Jolly Beach is among the oldest Archaic period sites in the Leeward Islands. The archaic people's artifacts have been dated to between 1775 BC and 1589 BC, including flint tools likely sourced from Long Island and canoes used to fish and travel between the islands. In its natural state, what is now Jolly Harbour was a swampy mangrove wetland labeled on a 1959 map as a "salt pond". Prior to the establishment of the development, the coastal area was simply known as Lignum Vitae Bay, a name that continues to refer to the bay area touching Jolly Beach. Somewhat close to Jolly Harbour is a site known as Jolly Hill, a sugar plantation established in the seventeenth century.

In 1968, the 78-room Jolly Beach hotel was founded. It was eventually acquired by Swiss businessman Alfred Erhart in the 1970s who built an adjacent 384-room extension, becoming the largest hotel on the island. Erhart is considered the pioneer of development in the area. Immediately before the development of the area in the 1980s, Jolly Harbour was a marine habitat often used for duck hunting by nearby residents in the winter. Small vessels would often shelter in the area during hurricanes and it was an important area for fisheries.

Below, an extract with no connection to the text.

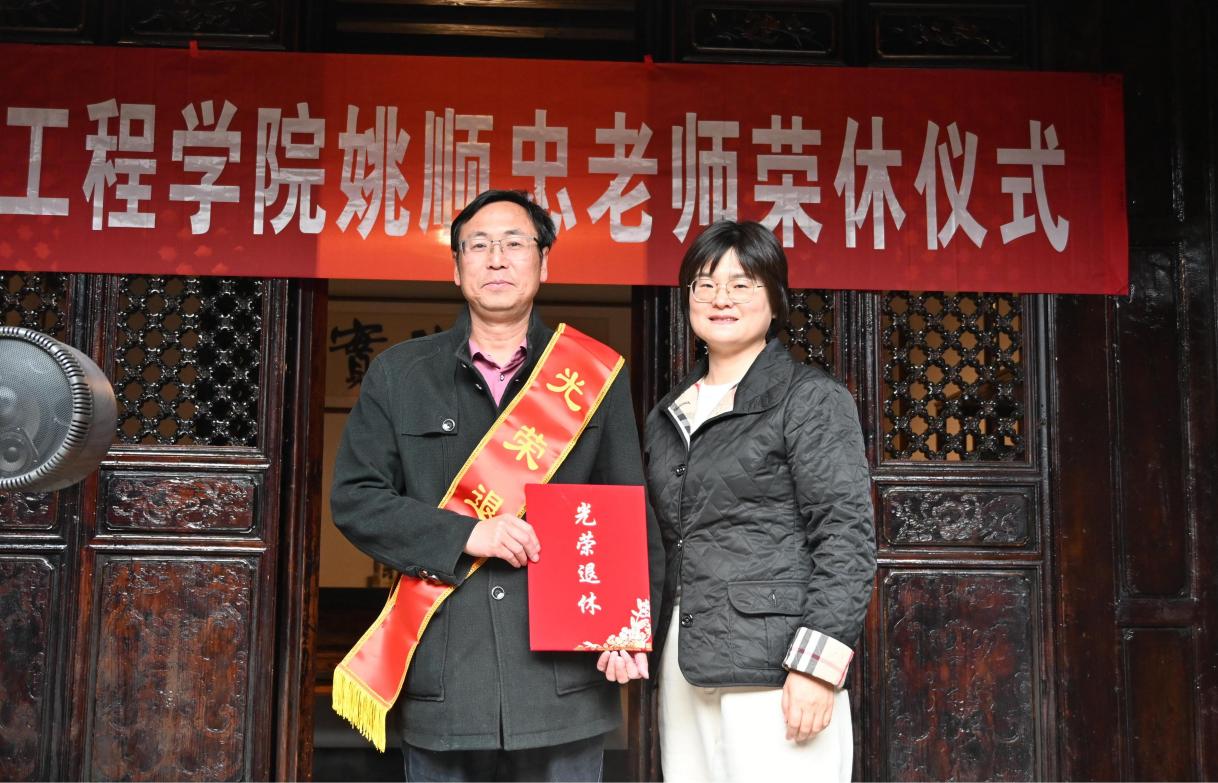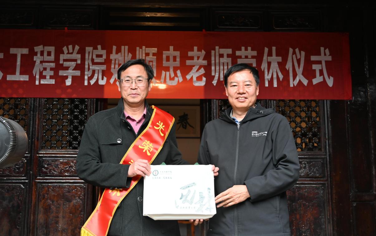 张庆文、盛冬发等人作为教师代表,深情回顾与姚老师数十载共事点滴,赞誉其“以智慧启迪思维,以热忱滋养学子”的育人风范。姚顺忠老师用一首原创诗《退休遣怀》“噗咚声送孙钉信,敲醒发呆六十翁;对镜缄唇叹颜改,扪心羞口说功成;求名悲感难封李,逐逸休嗤不倒冯;惯看古今多少事,还服明月与东风”总结执教生涯,寄语青年教师“守三尺讲台初心,铸万千广厦根基”。谭泽飞在致辞中高度评价姚老师“以力学之魂培育栋梁,用坚守之笔书写师道”的卓越贡献。

When development began, resources were initially focused on exterminating the mosquitos that annoyed the hotel's guests, however, it quickly evolved into a US$400 million development that resulted in land reclamation and the destruction of the mangroves. Important infrastructure was built, as well as a casino and many of the neighbourhood's modern-day facilities. Many were skeptical about the development due to its environmental impact and hurricane risks.

Like the rest of Antigua, Jolly Harbour was severely impacted by the COVID-19 pandemic. By July 2022, the original Jolly Beach hotel was in disrepair and many former employees joined together to demand over XCD$7 million in severance payments.

The development was owned by Caribbean Developments (Antigua) Limited (CDAL) for most of its history. The company managed real estate and shared facilities until it was acquired in 2024 by Sabana Holdings.

In late 2024, the casino, which had sat abandoned for several years, was demolished to make way for a shopping centre. After intervention from the government, the Jolly Beach hotel was reopened in December 2022.

==Economy==
The marina and commercial activity are a major draw for tourists, with Jolly Harbour having shops, bars, restaurants, a golf-course and a boatyard. The marina complex was developed on land that was previously a swamp and beach. The marina is dominated by the casino building, which has laid abandoned for many years. The area is a popular location for expats to buy property as there is also a gated community. The neighbourhood has an Epicurean location. Jolly Harbour is the sole port of entry on Antigua's southwest coast and immigration services are provided at a yellow building in the marina.

== Demographics ==
In 2011, Jolly Harbour was composed of three enumeration districts with a combined population of 403. Jolly Harbour is one of the most ethnically diverse areas in the country, with Africans (50.79%), whites (36.91%), other mixed (4.97%), mixed black/white (1.83%), other (1.83%), East Indians (1.57%), Hispanic people (1.05%), Syrian or Lebanese (0.79%), and unknown (0.26%). Only 46.60% of the population was born in Antigua and Barbuda, with the remainder being born in locations such as the United Kingdom (12.83%), 'other European countries' (10.21%), Jamaica (4.97%), the United States (4.71%), Canada (4.71%), and Guyana (3.14%). Religious trends slightly deviated from the rest of the country, although the majority of the population are Protestant Christians, with the largest religious groups in the village including Roman Catholics (19.63%), Anglicans (18.06%), irreligious people (11.78%), and Methodists (9.95%).

== Features ==
There are several important locations in the development. In the main commercial area, there is a shopping mall that contains restaurants, real estate services, and ticketing offices for tours. There are also suppliers for boats and fishers such as Budget Marine. Near the Epicurean supermarket, there is a community swimming pool and tennis and pickleball courts. Other than the Jolly Beach resort, there is also the Cocos Hotel immediately outside of the development and the Jolly Castle hotel.